Expectant and new mothers should be sure they are getting enough
fluoride. During pregnancy, fluoride is essential for the healthy
development of a baby´s bones and teeth. After a child is
born, fluoride in a mother´s breast milk aids in the child´s
healthy teeth development. Fluoridated tap water is one of the best
sources for fluoride. Many bottled water brands do not contain the
level of fluoride recommended by dentists. Over the life of the
filter, BRITA filtration systems remove only a trace amount of the
essential fluoride commonly found in tap water.
SENIORS
The older we get, the greater the odds our brains will forget to
inform us that we're thirsty. Which is why, to prevent dehydration,
it's imperative that seniors drink a sufficient amount of water
every day, whether they feel thirsty or not.
Lack of thirst sensitivity isn't the only thing that differentiates
seniors from younger adults when it comes to dehydration.
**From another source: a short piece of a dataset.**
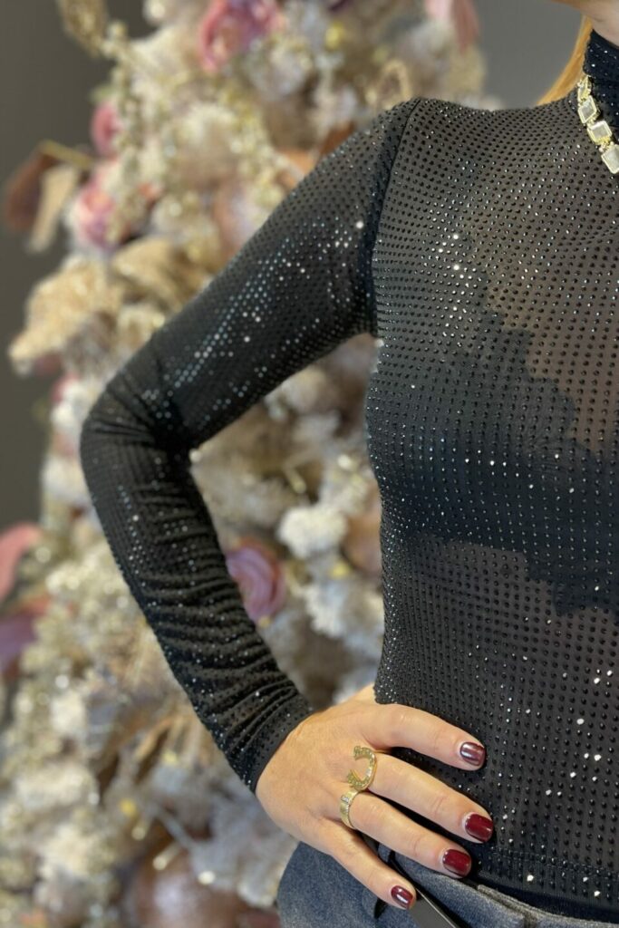 Valorizza il tuo look con un capo versatile e ricercato: il lupetto tulle strass nero diventerà un must-have del tuo guardaroba.

Some seniors
decrease their water intake due to fear of urinary incontinence,
while others experience mild nephrogenic diabetes insipitus - a
type of diabetes that's common among the elderly. Nephrogenic diabetes
insipitus can cause dehydration.
Symptoms of dehydration in seniors:
- Dry, inelastic skin
- Confusion
- Fatigue
- Headaches
- Dry mouth
- Thirst
Benefits seniors can experience by
drinking plenty of water:
- Helps prevent kidney stones
- Can ease constipation
- Improves condition of skin
- Improves mental sharpness
- Aids digestion
- Increases blood pressure and helps circulation
DIETS
The simple act of drinking a lot of water can be extremely beneficial
to dieters. The right amount of water in the body helps the body
perform at its best, burning fat and calories. It is also a good
substitute for snacking throughout the day.
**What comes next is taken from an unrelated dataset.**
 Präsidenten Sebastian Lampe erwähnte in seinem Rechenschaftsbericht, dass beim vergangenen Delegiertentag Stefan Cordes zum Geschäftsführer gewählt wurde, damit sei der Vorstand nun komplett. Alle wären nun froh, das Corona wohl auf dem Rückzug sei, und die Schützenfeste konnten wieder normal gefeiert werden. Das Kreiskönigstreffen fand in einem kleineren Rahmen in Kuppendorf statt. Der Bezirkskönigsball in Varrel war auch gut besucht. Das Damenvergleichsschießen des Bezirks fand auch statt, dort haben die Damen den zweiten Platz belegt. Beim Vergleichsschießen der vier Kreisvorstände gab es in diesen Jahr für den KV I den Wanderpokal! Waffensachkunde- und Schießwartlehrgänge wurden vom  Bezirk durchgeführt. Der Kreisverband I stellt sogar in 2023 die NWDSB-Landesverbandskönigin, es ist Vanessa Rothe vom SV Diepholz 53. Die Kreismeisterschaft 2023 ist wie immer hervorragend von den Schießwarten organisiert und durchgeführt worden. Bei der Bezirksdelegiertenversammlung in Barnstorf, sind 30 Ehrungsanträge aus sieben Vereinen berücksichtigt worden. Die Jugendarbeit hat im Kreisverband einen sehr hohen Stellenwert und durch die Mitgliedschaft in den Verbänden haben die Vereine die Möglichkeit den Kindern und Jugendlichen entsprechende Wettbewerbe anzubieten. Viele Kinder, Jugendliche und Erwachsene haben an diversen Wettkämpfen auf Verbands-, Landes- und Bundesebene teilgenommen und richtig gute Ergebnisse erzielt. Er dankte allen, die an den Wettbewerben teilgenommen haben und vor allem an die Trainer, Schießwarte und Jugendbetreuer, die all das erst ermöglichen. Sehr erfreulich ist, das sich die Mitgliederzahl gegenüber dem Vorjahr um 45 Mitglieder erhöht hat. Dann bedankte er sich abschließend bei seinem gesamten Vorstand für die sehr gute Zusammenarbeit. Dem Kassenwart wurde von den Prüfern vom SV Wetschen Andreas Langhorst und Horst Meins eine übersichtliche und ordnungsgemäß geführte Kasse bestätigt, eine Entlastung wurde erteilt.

The downside to not drinking enough water for dieters is that it
can actually increase body fat. When the body gets dehydrated, it
seeks water from other sources, including fat cells. If your fat
cells have less water, there's less mobilization of fat for energy.
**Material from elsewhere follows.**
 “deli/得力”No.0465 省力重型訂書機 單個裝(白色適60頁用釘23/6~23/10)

Not to mention, without enough water, your kidneys won't function
as well, putting extra stress on the liver, which won't be able
to metabolize as much fat as it should.
In other words,losing weight will become a difficult task if you're
not drinking enough water.
ATHLETES
Clearly, athletes are at a higher risk of becoming dehydrated than
most people. Which is something athletes need to be keenly aware
of at all times. In fact, many health experts would argue that for
an athlete to perform at his or her peak, nothing is more important
than being properly hydrated.
Symptoms of dehydration in athletes:
- Nausea
- Chills
- Elevated heart rate
- Inability to sweat
- Light-headedness
Hydration tips for athletes:
- Eat a balanced meal and drink plenty of water 24
hours before a major workout
- Drink two cups of water before exercising
- Drink water at regular intervals while exercising
- Weigh yourself before and after vigorous workouts
to make sure you've replaced the fluids lost from working out
- If urine is dark after exercising, drink more
water
- Don't drink beverages high in sugar while exercising
- Water is the best fluid replacement for athletes.